Lithium's Usage in Batteries

  • With countries looking for quick ways to decarbonise, lithium is being seen as the choice of metal. With electric vehicles being pitched as the future of transportation and all industries looking for cleaner alternatives, lithium is seen as their best bet.
    • Seen as a key part of renewable energy, lithium ion batteries are considered "energy-dense, cheap and safe."
  • Lithium ion batteries do pack a lot of power and energy into a small package with a longer life-cycle.
    • Most gadgets including smartphones and laptops use lithium-polymer batteries, an alternative to lithium ion batteries.
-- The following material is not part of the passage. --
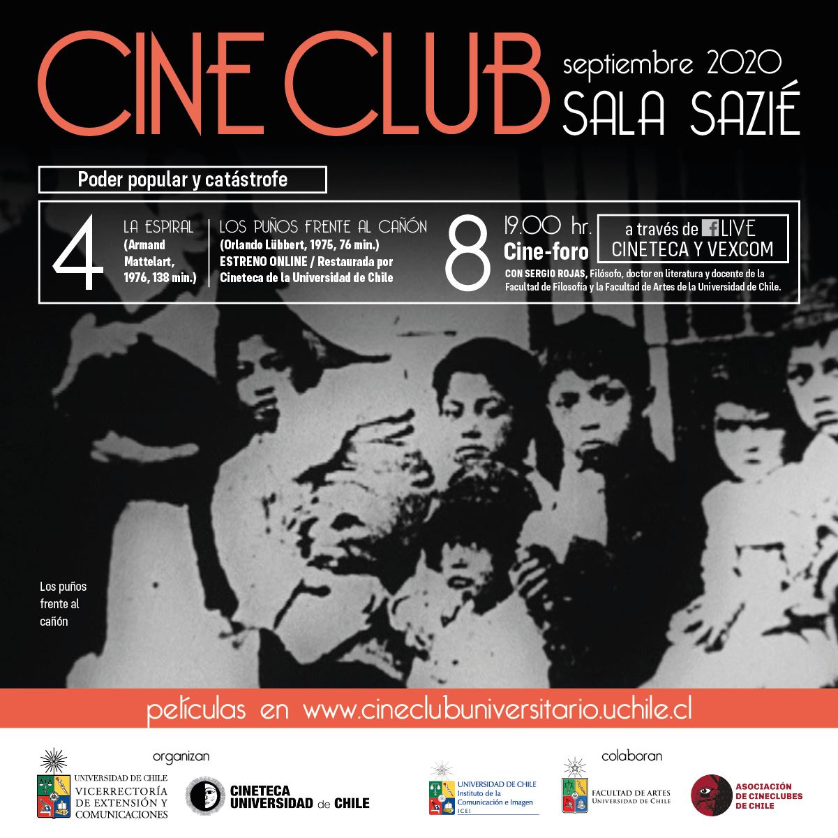 Ahora, en el marco de la conmemoración por los 50 años del triunfo de Salvador Allende, la película está ahora disponible en el sitio web del cineclub y será protagonista este martes 8, a las 18 horas, de la segunda edición virtual del foro Cineclub Sala Sazié, donde será analizada por Sergio Rojas, filósofo, doctor en literatura y docente de la Facultad de Filosofía y la Facultad de Artes de la Universidad de Chile. En la actividad que será transmitida por el Facebook live de la Vicerrectoría de Extensión y Comunicaciones (@VEXCOUchile), se comentará también el documental La espiral (1976), del sociólogo belga Arman Mattelart, quien registró y analiza cómo el gobierno de Allende sufrió el bloqueo constante de la derecha y la intervención de EEUU hasta terminar en su derrocamiento.

  • Since lithium is considered the standard non-renewable mineral that makes renewable energy possible, its demand is expected to continue shooting up.
  • But in this fight against climate change, lithium mining might create toxic regions where water (saltwater brine) is unfit for human consumption and chances of growing vegetation are low.
  • Chile is officially known as the Republic of Chile. Its capital is Santiago.
  • It is a South American country occupying a narrow strip of land between the Andes to the east and the Pacific Ocean to the west.
  • It borders Peru to the north, Bolivia to the northeast, Argentina to the east, and the Drake Passage in the south.
  • The Atacama desert is one of the driest places in the world and touches Chile in its northern side and is a source of sodium nitrate fertilizer.
    • It owes its aridity due to a constant temperature inversion of cool north-flowing Humboldt ocean current.
  • Chuquicamata is the World’s largest copper townof Chile.